On November 1980, The New Yorker devoted most of an entire issue to a single essay. Beyond the extravagant length, the essay remains one of the strangest things the magazine has ever published. Written by staff writer George W. S. Trow and edited by the mercurial William Shawn, “Within the Context of No Context” is a fever dream of media criticism. In a fractured cascade of subtitled riffs (on “Pseudo-Intimacy,” “Experts,” “Celebrities,” “Magazines in the Age of Television”) that accrues its own manic momentum through prose-poem-like repetition, Trow analyzes how that great, fetid swamp of American culture—television—ruined our sensibilities, or at least warped them forever.

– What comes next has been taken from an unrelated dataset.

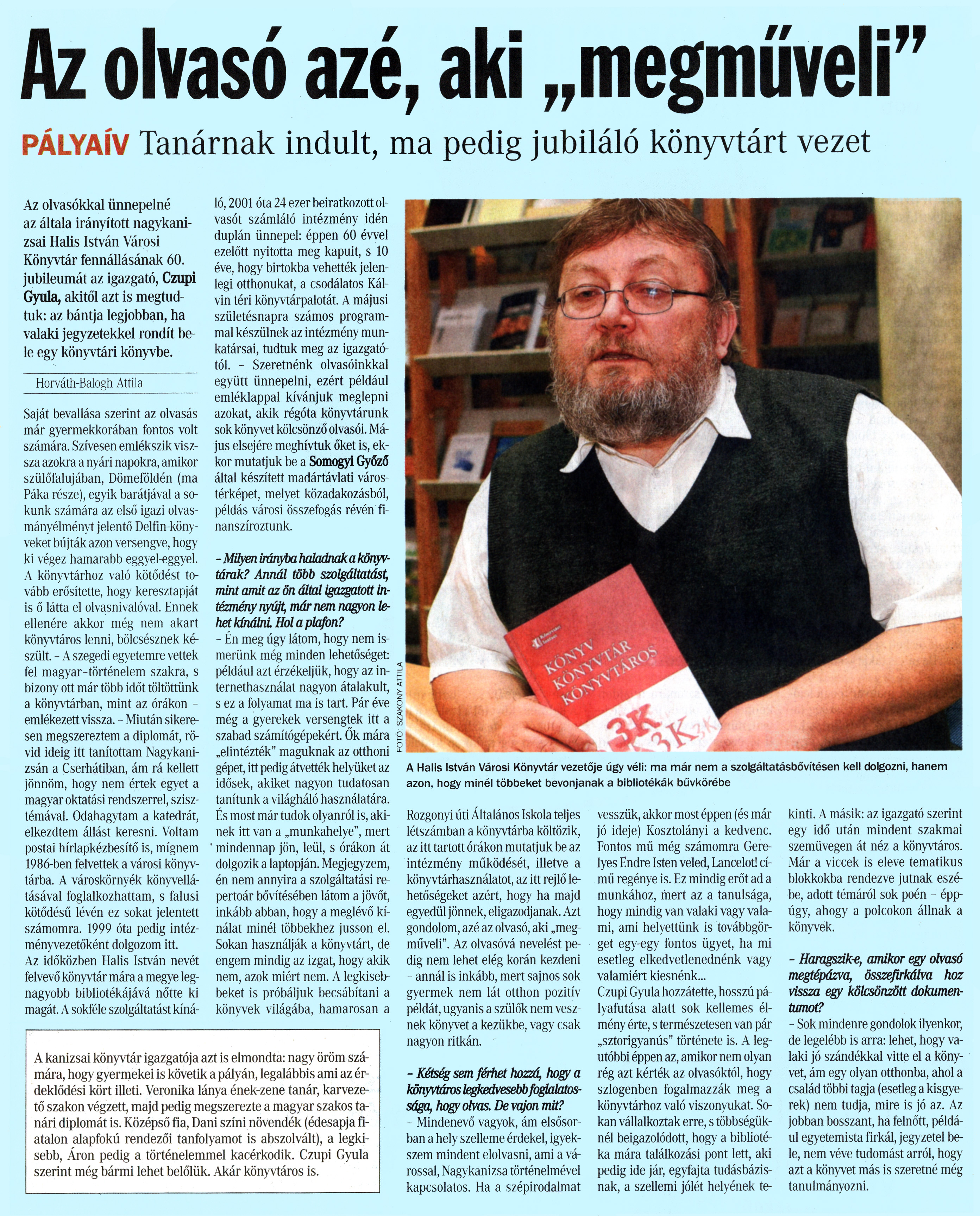 Nyilvános 1858 | 6014 | Vasárnapi Zalai Hírlap 2011. április 10. 15. szám 5. oldal - Az olvasó azé, aki megműveli | A cikk szövege: Az olvasó azé, aki „megműveli" PÁLYAÍV Tanárnak indult, ma pedig jubiláló könyvtárt vezet Az olvasókkal ünnepelné az általa irányított nagykanizsai Halis István Városi Könyvtár fennállásának 60. jubileumát az igazgató, Czupi Gyula, akitől azt is megtudtuk: az bántja legjobban, ha valaki jegyzetekkel rondít bele egy könyvtári könyvbe. Horváth-Balogh Attila Saját bevallása szerint az olvasás már gyermekkorában fontos volt számára. Szívesen emlékszik vissza azokra a nyári napokra, amikor szülőfalujában, Dömeföldén (ma Páka része), egyik barátjával a sokunk számára az első igazi olvasmányélményt jelentő Delfin-könyveket bújták azon versengve, hogy ki végez hamarabb eggyel-eggyel. A könyvtárhoz való kötődést tovább erősítette, hogy keresztapját is ő látta el olvasnivalóval. Ennek ellenére akkor még nem akart könyvtáros lenni, bölcsésznek készült. - A szegedi egyetemre vettek fel magyar-történelem szakra, s bizony ott már több időt töltöttünk a könyvtárban, mint az órákon -emlékezett vissza. - Miután sikeresen megszereztem a diplomát, rövid ideig itt tanítottam Nagykanizsán a Cserhátiban, ám rá kellett jönnöm, hogy nem értek egyet a magyar oktatási rendszerrel, szisztémával. Odahagytam a katedrát, elkezdtem állást keresni. Voltam postai hírlapkézbesítő is, mígnem 1986-ben felvettek a városi könyvtárba. A városkörnyék könyvellátásával foglalkozhattam, s falusi kötődésű lévén ez sokat jelentett számomra. 1999 óta pedig intézményvezetőként dolgozom itt. Az időközben Halis István nevét felvevő könyvtár mára a megye legnagyobb bibliotékájává nőtte ki magát. A sokféle szolgáltatást kínáló, 2001 óta 24 ezer beiratkozott olvasót számláló intézmény idén duplán ünnepel: éppen 60 évvel ezelőtt nyitotta meg kapuit, s 10 éve, hogy birtokba vehették jelenlegi otthonukat, a csodálatos Kálvin téri könyvtárpalotát. A májusi születésnapra számos programmal készülnek az intézmény munkatársai, tudtuk meg az igazgatótól. - Szeretnénk olvasóinkkal együtt ünnepelni, ezért például emléklappal kívánjuk meglepni azokat, akik régóta könyvtárunk sok könyvet kölcsönző olvasói. Május elsejére meghívtuk őket is, ekkor mutatjuk be a Somogyi Győző által készített madártávlati várostérképet, melyet közadakozásból, példás városi összefogás révén finanszíroztunk. - Milyen irányba haladnak a könyvtárak? Annál több szolgáltatást, mint amit az ön által igazgatott intézmény nyújt, már nem nagyon lehet kínálni Hol a plafon? - Én meg úgy látom, hogy nem ismerünk még minden lehetőséget: például azt érzékeljük, hogy az internethasználat nagyon átalakult, s ez a folyamat ma is tart. Pár éve még a gyerekek versengtek itt a szabad számítógépekért. Ők mára „elintézték" maguknak az otthoni gépet, itt pedig átvették helyüket az idősek, akiket nagyon tudatosan tanítunk a világháló használatára. És most már tudok olyanról is, akinek itt van a „munkahelye", mert mindennap jön, leül, s órákon át dolgozik a laptopján. Megjegyzem, én nem annyira a szolgáltatási repertoár bővítésében látom a jövőt, inkább abban, hogy a meglévő kínálat minél többekhez jusson el. Sokan használják a könyvtárt, de engem mindig az izgat, hogy akik nem, azok miért nem. A legkisebbeket is próbáljuk becsábítani a könyvek világába, hamarosan a Rozgonyi úti Általános Iskola teljes létszámban a könyvtárba költözik, az itt tartott órákon mutatjuk be az intézmény működését, illetve a könyvtárhasználatot, az itt rejlő lehetőségeket azért, hogy ha majd egyedül jönnek, eligazodjanak. Azt gondolom, azé az olvasó, aki „megműveli". Az olvasóvá nevelést pedig nem lehet elég korán kezdeni - annál is inkább, mert sajnos sok gyermek nem lát otthon pozitív példát, ugyanis a szülők nem vesznek könyvet a kezükbe, vagy csak nagyon ritkán. - Kétség sem férhet hozzá, hogy a könyvtáros legkedvesebb foglalatossága, hogy olvas. De vajon mit? - Mindenevő vagyok, ám elsősorban a hely szelleme érdekel, igyekszem mindent elolvasni, ami a várossal, Nagykanizsa történelmével kapcsolatos. Ha a szépirodalmat vesszük, akkor most éppen (és már jó ideje) Kosztolányi a kedvenc. Fontos mű még számomra Gerelyes Endre Isten veled, Lancelot! című regénye is. Ez mindig erőt ad a munkához, mert az a tanulsága, hogy mindig van valaki vagy valami, ami helyettünk is továbbgörget egy-egy fontos ügyet, ha mi esetleg elkedvetlenednénk vagy valamiért kiesnénk... Czupi Gyula hozzátette, hosszú pályafutása alatt sok kellemes élmény érte, s természetesen van pár „sztorigyanús" története is. A legutóbbi éppen az, amikor nem olyan rég azt kérték az olvasóktól, hogy szlogenben fogalmazzák meg a könyvtárhoz való viszonyukat. Sokan vállalkoztak erre, s többségüknél beigazolódott, hogy a bibliotéka mára találkozási pont lett, aki pedig ide jár, egyfajta tudásbázisnak, a szellemi jólét helyének te- kinti. A másik: az igazgató szerint egy idő után mindent szakmai szemüvegen át néz a könyvtáros. Már a viccek is eleve tematikus blokkokba rendezve jutnak eszébe, adott témáról sok poén - éppúgy, ahogy a polcokon állnak a könyvek. - Haragszik-e, amikor egy olvasó megtépázva, összefirkálva hoz vissza egy kölcsönzött dokumentumot? - Sok mindenre gondolok ilyenkor, de legelébb is arra: lehet, hogy valaki jó szándékkal vitte el a könyvet, ám egy olyan otthonba, ahol a család többi tagja (esetleg a kisgyerek) nem tudja, mire is jó az. Az jobban bosszant, ha felnőtt, például egyetemista firkál, jegyzetel bele, nem 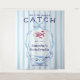 Choose this unique hand-drawn She's the Perfect Catch Beach Preppy Fishing Bachelorette Backdrop template to celebrate your Bach party with your girls' squad. On the reverse, you can add a photo if you like. Personalize the design with your details, and order your custom bachelorette invitations and party supplies.

Published in book form the following year alongside Trow's two-part profile of Atlantic Records chairman Ahmet Ertegun, the essay received some new attention. The New York Times approved. But the true significance of “Within the Context of No Context” came as a kind of countercultural samizdat: The painter David Salle recalled passing a dog-eared copy of it to the writer Joan Juliet Buck in the 1980s, who spread it in turn. “We were a little society with a secret—we felt sorry for anyone who hadn't read it,” Salle wrote recently.
Certain essays stand as cultural landmarks: After reading them you see the world differently; they become part of your mental landscape. For many of its readers, “Within the Context of No Context” certainly belongs in that pantheon. It was republished again as a standalone book in 1997, with a new introduction called “Collapsing Dominant,” in which Trow reflected on what had changed in the two decades since the original — if anything, it was all worse.